What is the prediction for the query point $\mathbf{x}^{\left(q\right)} = \left[\begin{array}{c} x_{1}^{\left(q\right)} \\ x_{2}^{\left(q\right)}\end{array}\right] = \left[\begin{array}{l} \text{Light} \\ \text{CO}_{2}\end{array}\right] = \left[\begin{array}{l} 200.0000 \\ 1000.0000 \end{array}\right]$ when $K=111$? In order to make prediction for $K=111$, you can use the following function and code segment.

In [None]:
def KNN(x, y, x_q, K=3):
    target_labels = np.unique(y) # unique set of target labels
    target_labels_counts = np.zeros(len(target_labels)) # keeps counts of target labels
    d = np.sqrt(np.sum((x - x_q)**2, axis=1)) # use the Euclidean distance
    i = np.argsort(d) # sort distance vector in ascending order
    for k in np.arange(len(target_labels)):
        target_labels_counts[k] = np.sum(y[i[0:K]]==target_labels[k]) # count the number of each target lable in K Nearest Neighbourhood
    # apply the majority voting
    l = np.argmax(target_labels_counts)
    return target_labels[l]    

In [None]:
predicted_label = KNN(x_training_selected, y_training, x_q, K=111)
print('prediction = ' + '{:.0f}'.format(predicted_label))
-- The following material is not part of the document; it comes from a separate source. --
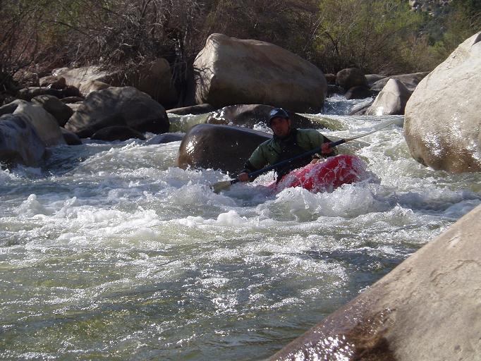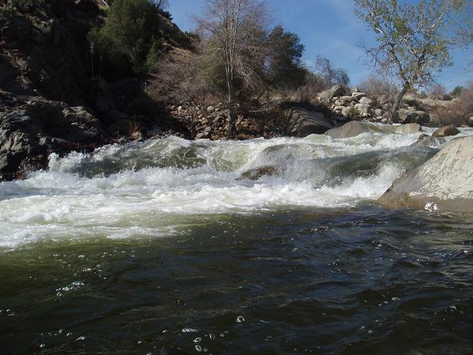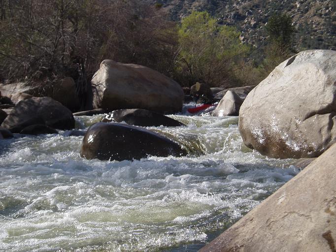 The most fun I had on the Kern on my first trip out there was this run. Normally class V, at the low flow of 540 it was more of a solid class IV run. There were only 4 big rapids, a few medium sized moves to make, and a bunch of busy water on this run, but the rapids sure made it worth while. The first rapid was big, can be seen if driving down 155 towards Kernville. The last big rapid is also visible from the road. I would recommend this run for anyone in the area. Apparently people run the run up to 6,000 and beyond, but at that point most of it is avoided with sneak lines as the house size boulders make house size holes. A great run, the gem of the Lower Upper Kern.

## Training error for different values of K


The following code segment computes training error for different values of $K$.

In [None]:
N = y_training.shape[0] # the number of examples in training dataset
print('{:>2} {:>16}'.format('K', 'Training Error'))
for K in np.arange(1, 34, 2):
    y_prediction = np.zeros(N)
    for n in np.arange(N):
        x_q = x_training_selected[n]
        y_prediction[n] = KNN(x_training_selected, y_training, x_q, K)
    classification_error = np.sum(y_training != y_prediction) / N
    print('{:>2.0f} {:>16.4f}'.format(K, classification_error))

Can you compute testing error of the classifier for $K = 111$?